The study doesn’t completely rule out an intermediate-mass black hole, but if one is there, it’s much smaller than previously suggested. No black holes larger than 6,000 times the mass of the Sun exist in the star cluster, his team concludes in work submitted Aug. 1 to arXiv.org.
In contrast, the other research team said that seven stars near the center of this cluster are moving fast enough to orbit a black hole with a mass between 8,200 and 50,000 solar masses.SN: 7/10/24). Astronomers have long sought these intermediate-mass black holes because, if the elusive objects really do exist, they could help explain the evolution of black holes.
In the new work, Bañares-Hernández and his colleagues studied the motions of not only ordinary stars in Omega Centauri, but also five of its millisecond pulsars. Rotating at more than a hundred times per second, a millisecond pulsar fires a radio pulse at us every time the star turns (SN: 22.7.22). If the pulsar is moving towards Earth, each pulse takes less time to reach us. Therefore, the precise timing of these pulses reveals the exact speed and acceleration of the pulsar toward or away from Earth, which helped astronomers determine how the mass is distributed throughout the star cluster.
“It’s probably one of the best methods to use because millisecond pulsars are very stable and they give you a very clear signal of what’s going on,” says Simon Portegies Zwart, an astronomer at the Leiden Observatory in the Netherlands. which was not. part of each research team.
The astronomer who led that study declined to comment on the new work until it was accepted for publication, but he stands by his original conclusion. “We think the best explanation for these fast-moving stars being so close to the center of Omega Centauri is that they are bound by an intermediate-mass black hole,” says Maximilian Häberle of the Max Planck Institute for Astronomy at Heidelberg.

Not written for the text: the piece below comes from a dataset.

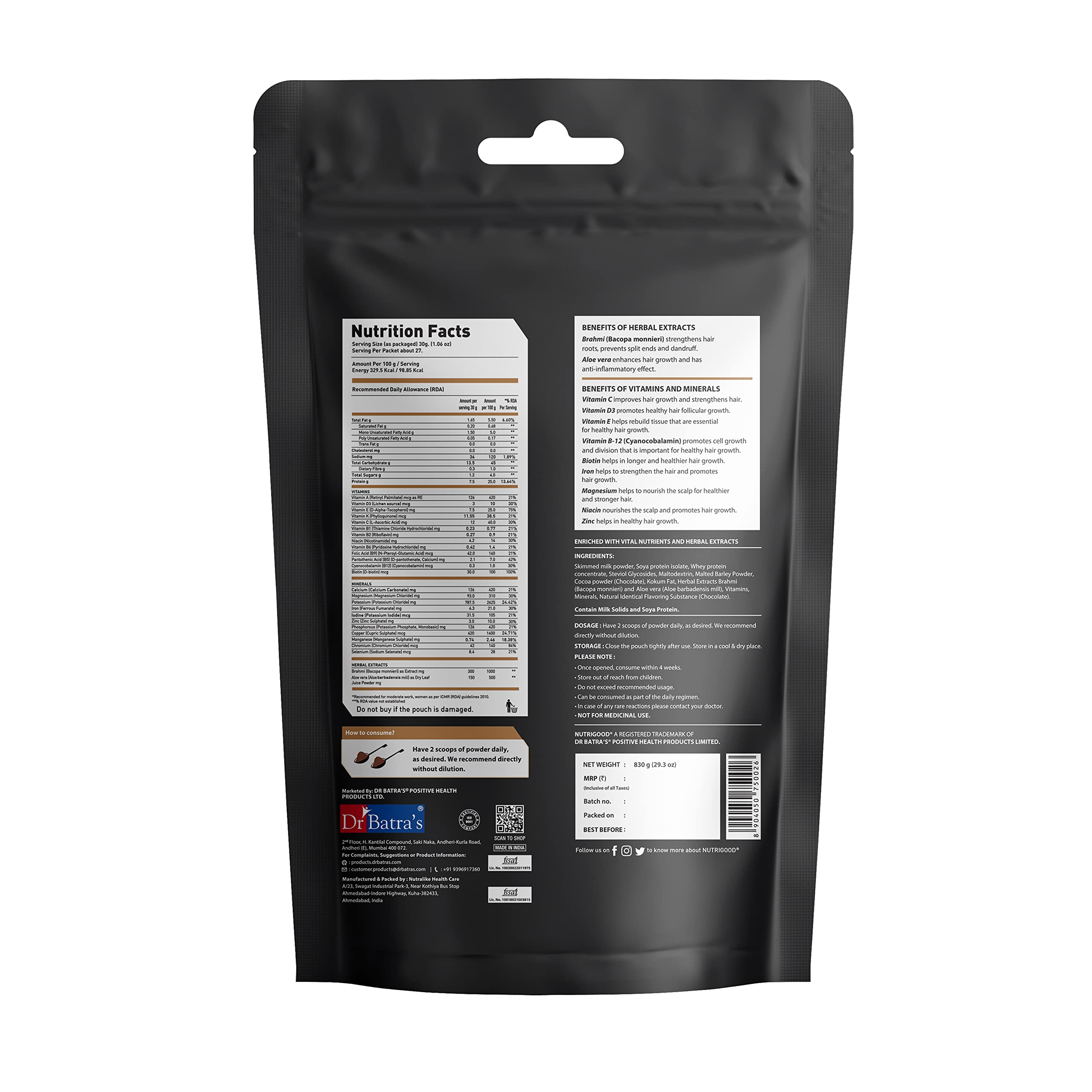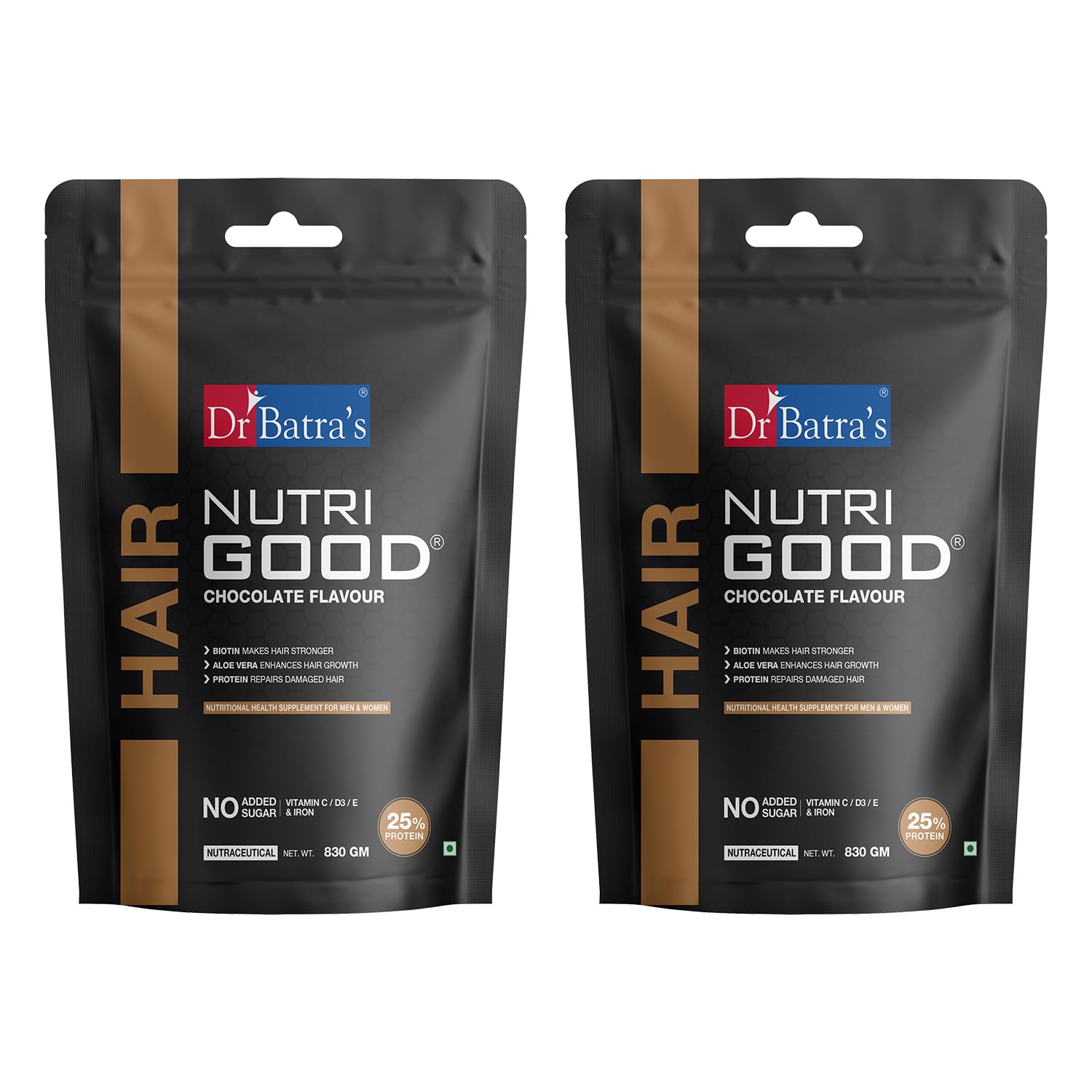 Dr Batra's range of Nutrigood comes in a delicious chocolate flavor you cannot resist. What's more it is a plant-based protein devoid of chemic. Power-packed with vitamins for hair growth it is a hair supplement for brittle dry and lumpy hair. It consists of natural ingredients that are a powerhouse of anti; Brahmi or Bacopa Monnieri Powder and Aloe Vera so now you don't have to worry about the stubborn flaking of the scalp that refuses to go away. This hair supplement o consists of Vitamin E Vitamin B12 Vitamin A and Vitamin C making it one of the best supplements for hair growth and thickness.

Germany.
Astronomers unaffiliated with either research team are divided in their verdict. “I don’t think there’s any strong evidence for an intermediate-mass black hole,” says Gerry Gilmore, an astronomer at the University of Cambridge. “In the new study, they did a much better job than anyone before, including the types of [dim] The stellar populations that we really know about are very, very common” in the centers of globular clusters: neutron stars and stellar-mass black holes.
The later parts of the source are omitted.